2. Participants respond orally to an Ethnic Orientation Questionnaire (EOQ)

    • Audio recordings of these are available (as _EOQ.wav and _EOQ.mp3 files). [See file-naming conventions]
    • Some participants' responses are transcribed (in _EOQ.eaf files). Many are not fully transcribed. Rather, the question number is indicated in the transcript if the interviewer asked the question verbatim.
    • Responses to each question are numerically coded in a spreadsheet for all participants of one Heritage Language: EOQ_data_LANGUAGE_date.xls.

3. Participants name a set of pictures, the First Words task (FW)

    • Participants are asked to describe a sequence of pictures from a children's story book, naming common objects and then describing scenes containing these items.
    • The book used is:

      Amery, Heather and Stephen Cartwright. 1987. The First Hundred Words. Tulsa: Educational Developmental Corporation.

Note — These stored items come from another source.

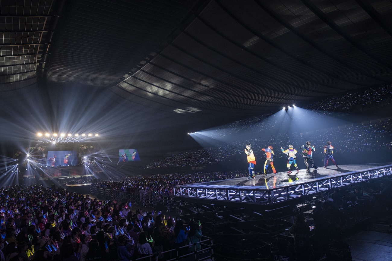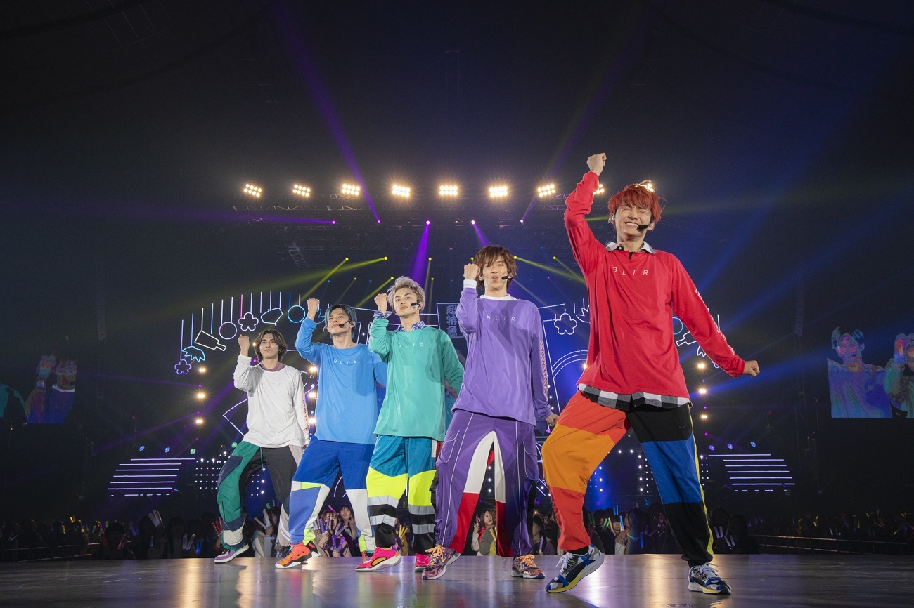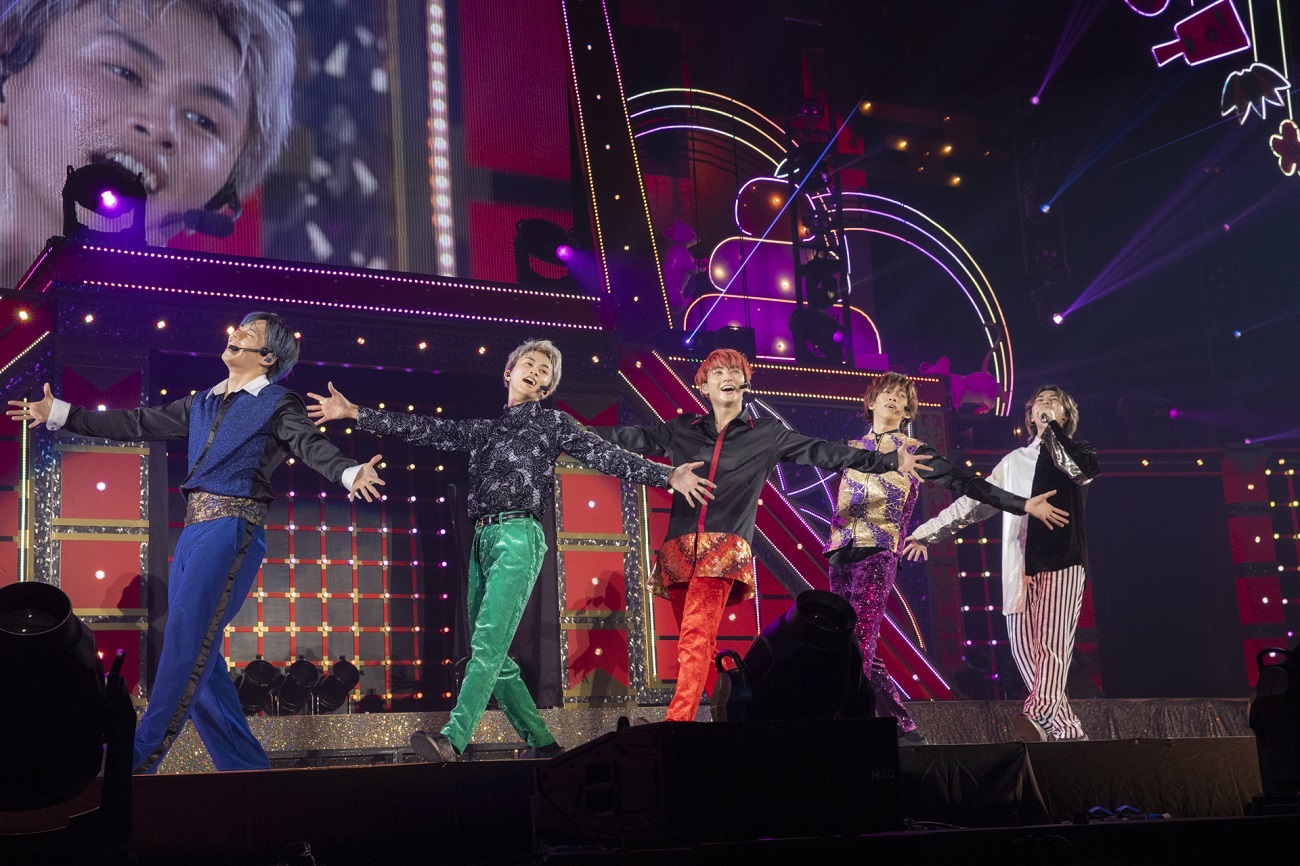 さらに中盤では、メンバー中4人が25歳を迎えた“今”だからこそのパフォーマンスで8号車を魅了。タイトルの通り、星空に浮かぶ月をバックに絶妙な間合いのダンスでセクシーなムードを漂わせる「Full Moon」が夜の空気を醸したところで、初披露されたのが最新シングルのカップリング曲「Body Rock」だ。上空を貫くレーザーとスモークのなか、初の全英詞曲を得意のファルセットも交えて強弱豊かに届けるタカシのボーカルと、椅子にもたれて身体を艶めかしく波打たせるダンスは、歴代の楽曲の中でも群を抜いて妖艶で、ペンライトの動きを止めて見入る客席からは大きな悲鳴が。加えて、今年の抱負や8号車への想いを書き初めで発表する日替わり映像を挟んでは、この東京公演3デイズのテーマ曲「On & On」もお披露目された。ラグジュアリーなサウンドに乗せ、テンポよく繰り出されるシンクロ率の高いダンスと堂々たるタカシのボーカルからは、“唯一無二の道を往くのだ”という静かな闘志がうかがえて、未来への決意にあふれた強気なリリックを彼ら自身のリアルな心情として投影。初披露2曲のスタイリッシュでキレのあるパフォーマンスが、彼らのアーティストとしての進化を明らかに証明する。そこからアリーナ最後方のムービングステージにトロッコで高速移動すれば、ファンクにノリよく「Hey Hey Hey」を、そしてジャズアレンジの「STYLE」を久々にライブ披露。前方へと動き出したステージ上でマイクスタンドを軽やかに操る姿といい、自然体でフェイクを利かせるタカシのボーカルといい、大人びたジャンルの楽曲も背伸びすることなく、等身大で楽しんでいる“今”の彼らは実に頼もしい。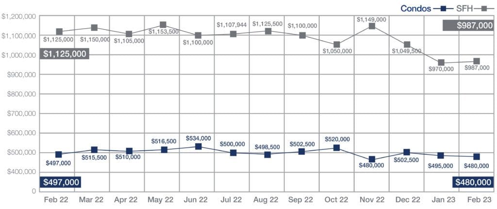Median Sales Price of Single-Family Homes and Condos | February 2023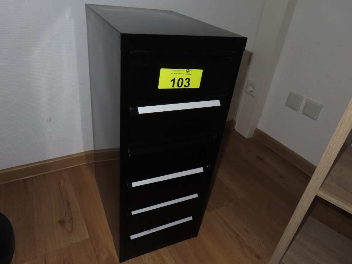 1 Metallschrank mit 6 Auszügen, ca. 0,60 m x 0,20 m, schwarz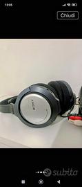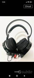 Cuffie Sony Wireless sovra auricolari senza fili, ideali per chi ha purtroppo difficoltà con l'udito o per chi vuole ascoltare la Tv di notte senza dare fastidio al proprio partner Si ricaricano appoggiandole sulla propria base di ricarica che si connette alla tua Tv tramite un cavetto jack incluso Hanno una portata di segnale anche attraverso i muri Fornite complete di base, cuffie, alimentatore, cavetti e pile ricaricabili nuove Spedizione velocissima e giornaliera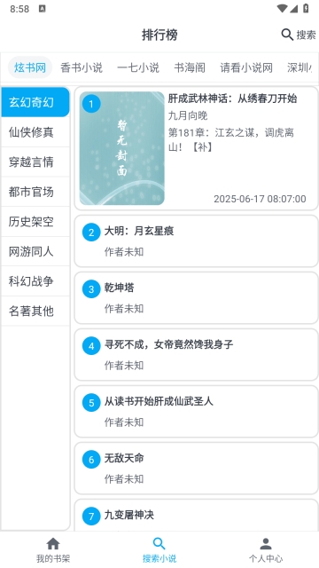 2.点击进入“搜索小说”页面,可以看到丰富的小说排行榜资源

    Audio .wav and .mp3, as well as .eaf transcription files are available for this task.

File naming conventions

Files labels have three parts:

  1. Speaker code of the primary participants
  2. Abbreviation indicating the type of interaction (preceded by an underscore):
    1. _IV is the sociolinguistic interview, generally a lengthy, relaxed conversation
    2. _EOQ is the oral administration of the Ethnic Orientation Questionnaire
    3. _FW is a picture-description task, referred to as First Words
  3. An extension indicating the file type (preceded by a dot or period):
    1. .eaf is an ELAN annotation file, or transcript
    2. .wav is an uncompressed audio recording
    3. .mp3 is a compressed audio recording
    4. Additional file types include Praat textgrids (.TextGrid) for acoustic analysis, .xls and .xslx for record-keeping of various types, e.g., the2_2_linguists.php#catalog.

Example: F1F29A_IV.eaf is the transcription of the sociolinguistic interview of speaker F1F29A.

Speaker labelling conventions

Each speaker is identified by a speakercode. The speakercode consists of five parts:

  1. The first character identifies the heritage language of the speaker (C, F, I, K, R, U).
  2. The second character identifies the speaker's generation (1, 2 or 3).
  3. The third character identifies the speaker's sex (M or F).
  4. The fourth and fifth characters give the speaker's age.
  5. The final character (A, B, C, etc.) provide unique identifiers for otherwise identically-labeled speakers.

Example: F1F29A is a Faetar-speaking, first generation, female, 29-year old. She is the first such speaker recorded.